[Start of section]

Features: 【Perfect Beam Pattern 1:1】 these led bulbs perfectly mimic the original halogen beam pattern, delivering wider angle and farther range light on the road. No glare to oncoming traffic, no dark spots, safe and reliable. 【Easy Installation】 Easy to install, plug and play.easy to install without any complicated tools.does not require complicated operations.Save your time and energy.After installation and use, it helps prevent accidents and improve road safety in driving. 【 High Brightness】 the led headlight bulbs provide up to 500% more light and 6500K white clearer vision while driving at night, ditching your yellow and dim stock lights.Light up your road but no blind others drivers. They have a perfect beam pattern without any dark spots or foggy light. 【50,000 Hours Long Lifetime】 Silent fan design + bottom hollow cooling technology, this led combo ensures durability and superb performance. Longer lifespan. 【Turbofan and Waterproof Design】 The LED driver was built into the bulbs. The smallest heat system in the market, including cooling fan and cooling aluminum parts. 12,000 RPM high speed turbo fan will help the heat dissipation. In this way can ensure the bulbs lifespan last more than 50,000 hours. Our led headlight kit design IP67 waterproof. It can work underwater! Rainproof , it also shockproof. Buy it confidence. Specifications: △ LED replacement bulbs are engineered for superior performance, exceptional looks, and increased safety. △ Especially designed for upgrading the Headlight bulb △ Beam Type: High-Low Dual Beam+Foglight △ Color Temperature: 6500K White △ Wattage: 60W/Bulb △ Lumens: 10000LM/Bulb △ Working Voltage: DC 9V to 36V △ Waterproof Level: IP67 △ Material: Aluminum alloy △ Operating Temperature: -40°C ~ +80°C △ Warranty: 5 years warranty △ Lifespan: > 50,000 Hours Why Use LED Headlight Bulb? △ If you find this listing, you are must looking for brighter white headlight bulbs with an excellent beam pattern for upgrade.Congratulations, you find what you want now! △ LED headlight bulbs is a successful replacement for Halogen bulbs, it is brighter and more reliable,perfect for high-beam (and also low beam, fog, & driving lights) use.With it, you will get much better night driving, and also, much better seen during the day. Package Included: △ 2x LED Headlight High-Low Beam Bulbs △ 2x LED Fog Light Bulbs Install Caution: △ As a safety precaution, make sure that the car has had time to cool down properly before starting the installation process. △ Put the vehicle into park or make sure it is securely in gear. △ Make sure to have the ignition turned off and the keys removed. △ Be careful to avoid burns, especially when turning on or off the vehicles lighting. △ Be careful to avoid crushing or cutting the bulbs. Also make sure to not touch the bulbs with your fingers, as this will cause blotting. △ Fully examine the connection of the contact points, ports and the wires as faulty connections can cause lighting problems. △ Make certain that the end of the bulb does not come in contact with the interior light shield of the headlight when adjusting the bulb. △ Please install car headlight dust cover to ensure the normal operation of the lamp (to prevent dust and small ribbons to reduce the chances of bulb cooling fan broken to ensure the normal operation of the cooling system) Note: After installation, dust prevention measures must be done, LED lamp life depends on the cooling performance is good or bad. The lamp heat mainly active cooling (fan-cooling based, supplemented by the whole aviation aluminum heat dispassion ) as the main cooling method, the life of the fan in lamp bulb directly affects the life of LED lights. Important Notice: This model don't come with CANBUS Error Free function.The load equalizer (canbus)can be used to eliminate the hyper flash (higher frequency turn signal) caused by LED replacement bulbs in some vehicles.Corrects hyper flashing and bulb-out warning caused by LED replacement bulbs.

[End of section]
[Start of section]

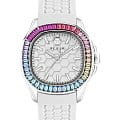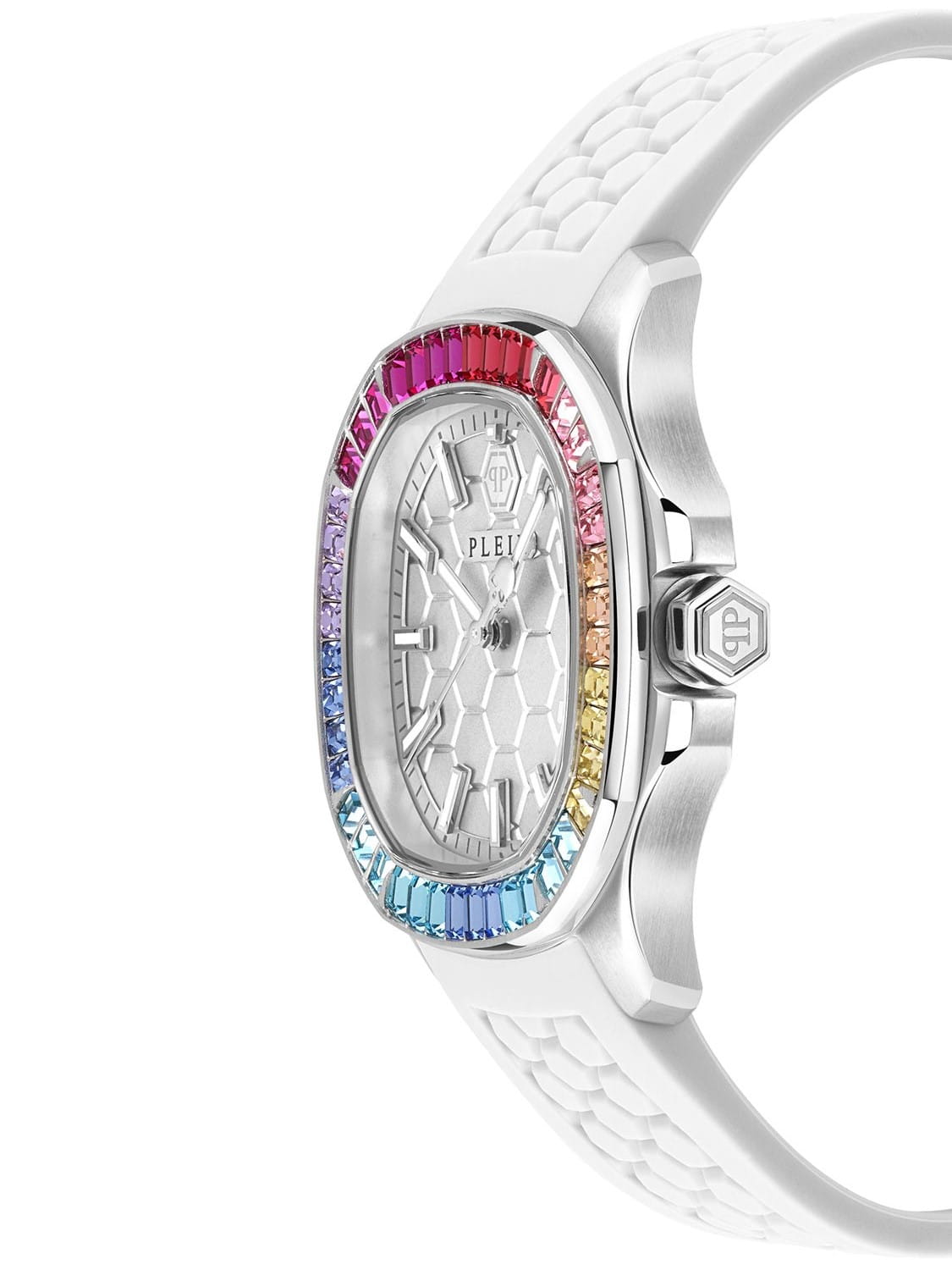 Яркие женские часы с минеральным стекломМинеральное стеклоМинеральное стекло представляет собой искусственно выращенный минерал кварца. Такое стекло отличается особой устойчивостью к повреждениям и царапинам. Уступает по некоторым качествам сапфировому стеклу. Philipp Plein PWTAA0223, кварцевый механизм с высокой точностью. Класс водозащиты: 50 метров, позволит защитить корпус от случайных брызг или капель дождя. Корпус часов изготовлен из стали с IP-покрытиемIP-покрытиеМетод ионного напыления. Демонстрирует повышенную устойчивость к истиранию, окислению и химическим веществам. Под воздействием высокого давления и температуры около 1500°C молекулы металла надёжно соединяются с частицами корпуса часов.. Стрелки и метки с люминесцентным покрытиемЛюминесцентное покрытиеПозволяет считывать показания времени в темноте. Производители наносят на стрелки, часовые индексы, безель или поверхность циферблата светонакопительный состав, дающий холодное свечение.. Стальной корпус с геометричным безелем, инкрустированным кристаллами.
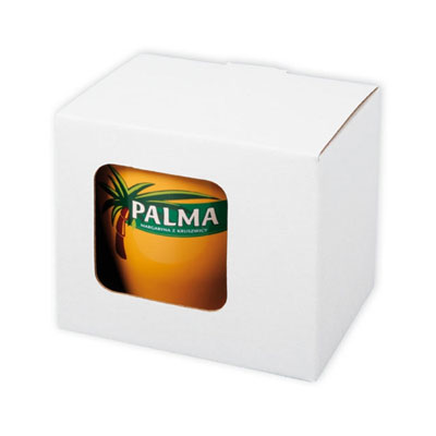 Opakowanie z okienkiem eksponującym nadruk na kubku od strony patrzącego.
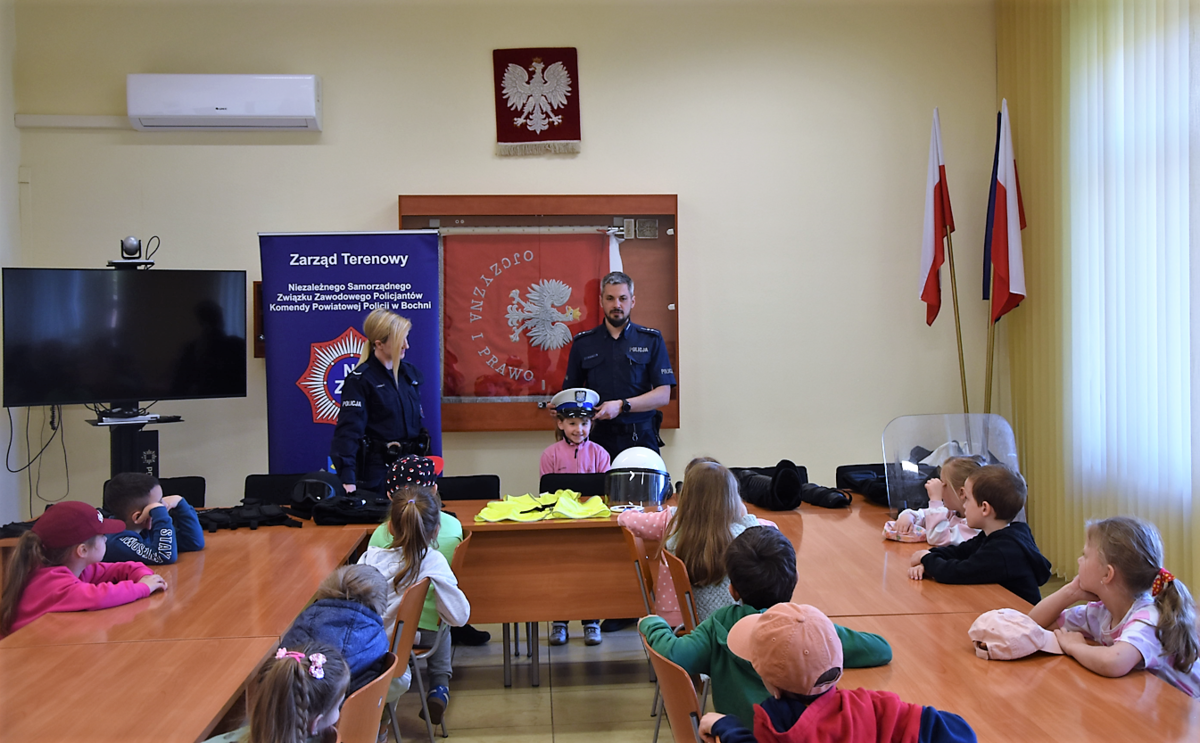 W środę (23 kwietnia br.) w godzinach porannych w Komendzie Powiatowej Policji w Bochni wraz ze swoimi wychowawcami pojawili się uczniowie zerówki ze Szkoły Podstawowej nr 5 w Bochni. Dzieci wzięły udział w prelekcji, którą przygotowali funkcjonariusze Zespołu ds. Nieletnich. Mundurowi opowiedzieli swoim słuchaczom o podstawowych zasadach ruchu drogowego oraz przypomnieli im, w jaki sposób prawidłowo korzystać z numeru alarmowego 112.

[End of section]
[Start of section]

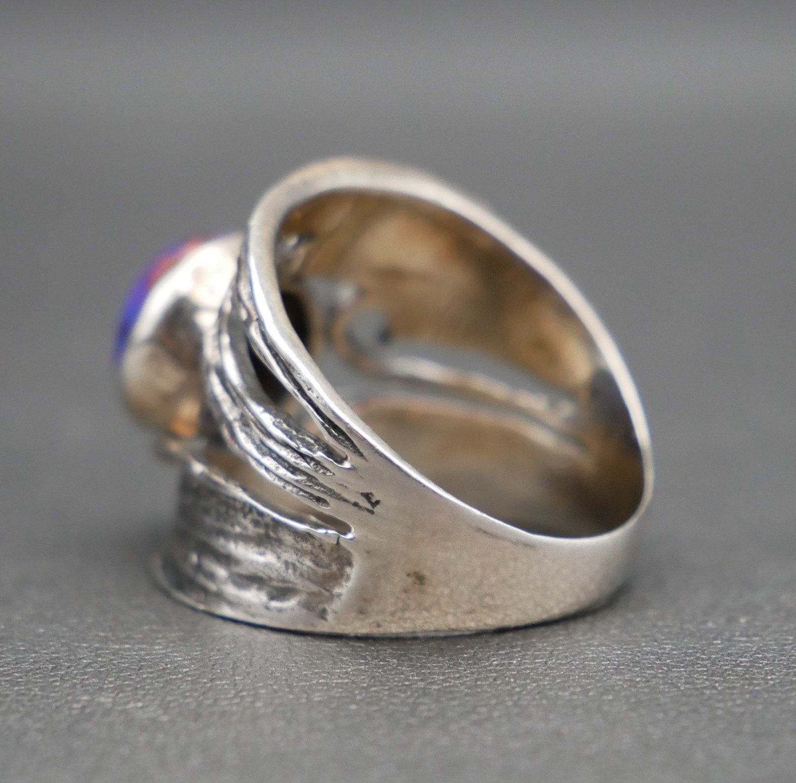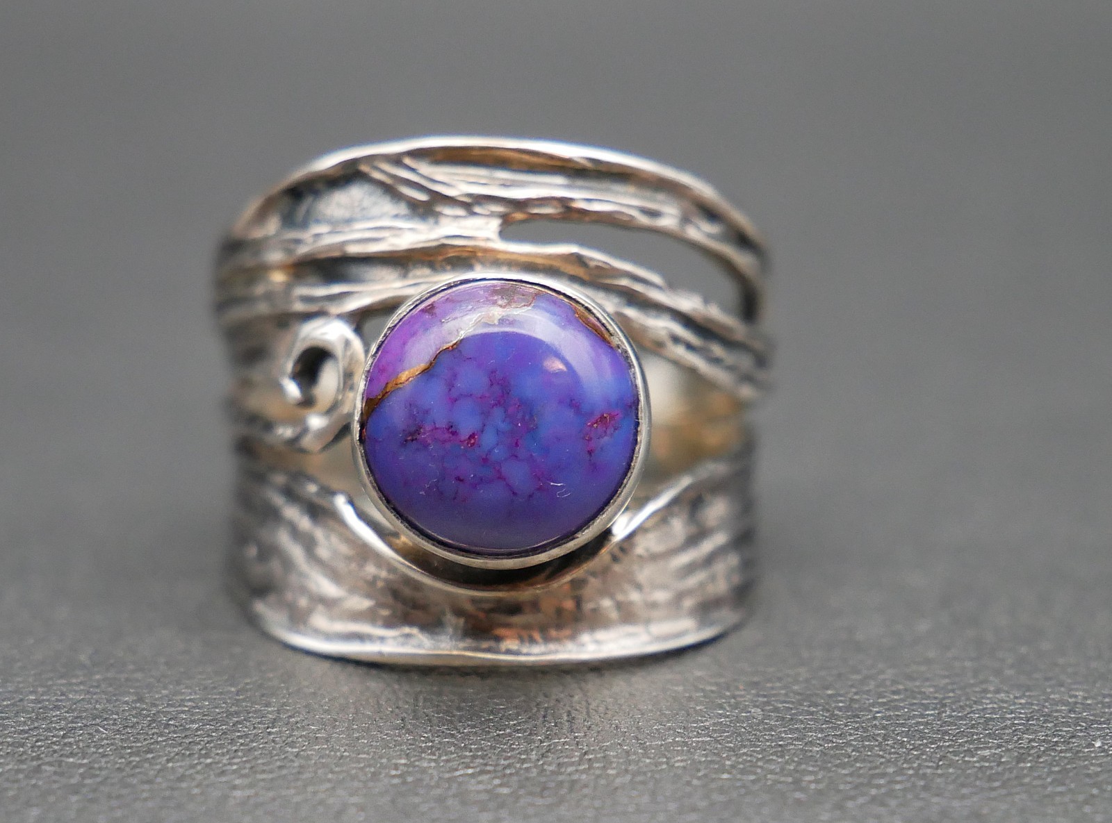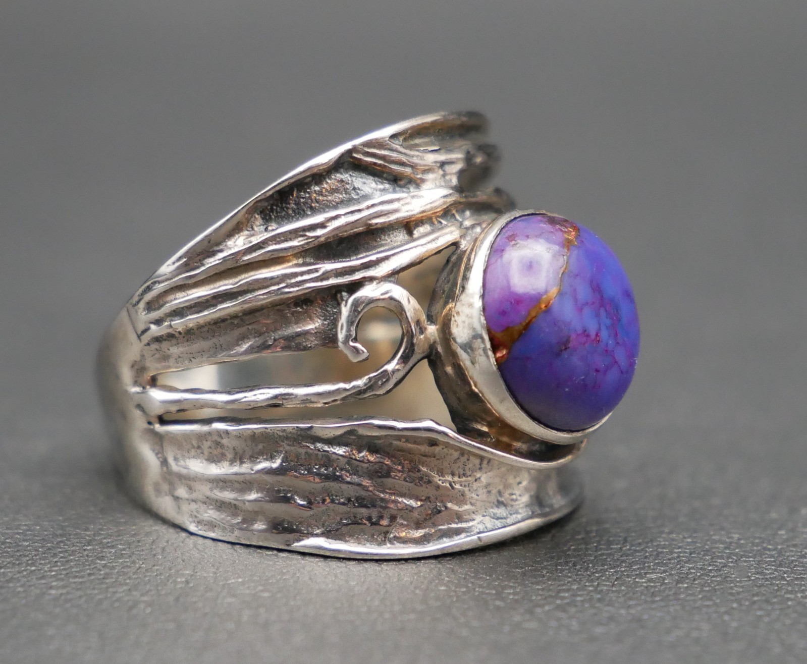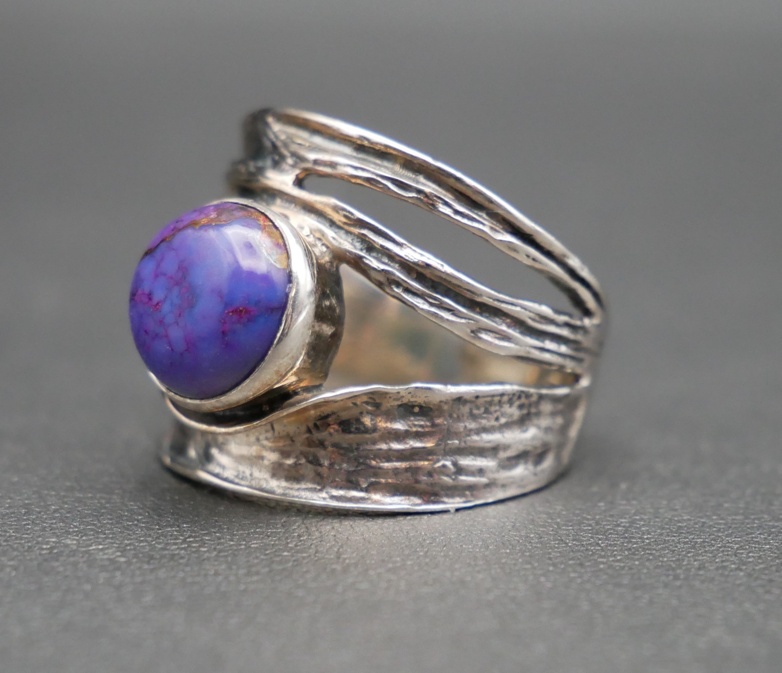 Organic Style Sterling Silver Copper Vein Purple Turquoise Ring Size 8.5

[End of section]

→ WHAT TO DO
Each line above from the one containing "Яркие женские часы" through the one containing "Opakowanie z okienkiem" is to be returned verbatim. Nothing else, and no pictures.

→ SOLUTION TO THIS TASK
 Яркие женские часы с минеральным стекломМинеральное стеклоМинеральное стекло представляет собой искусственно выращенный минерал кварца. Такое стекло отличается особой устойчивостью к повреждениям и царапинам. Уступает по некоторым качествам сапфировому стеклу. Philipp Plein PWTAA0223, кварцевый механизм с высокой точностью. Класс водозащиты: 50 метров, позволит защитить корпус от случайных брызг или капель дождя. Корпус часов изготовлен из стали с IP-покрытиемIP-покрытиеМетод ионного напыления. Демонстрирует повышенную устойчивость к истиранию, окислению и химическим веществам. Под воздействием высокого давления и температуры около 1500°C молекулы металла надёжно соединяются с частицами корпуса часов.. Стрелки и метки с люминесцентным покрытиемЛюминесцентное покрытиеПозволяет считывать показания времени в темноте. Производители наносят на стрелки, часовые индексы, безель или поверхность циферблата светонакопительный состав, дающий холодное свечение.. Стальной корпус с геометричным безелем, инкрустированным кристаллами.
 Opakowanie z okienkiem eksponującym nadruk na kubku od strony patrzącego.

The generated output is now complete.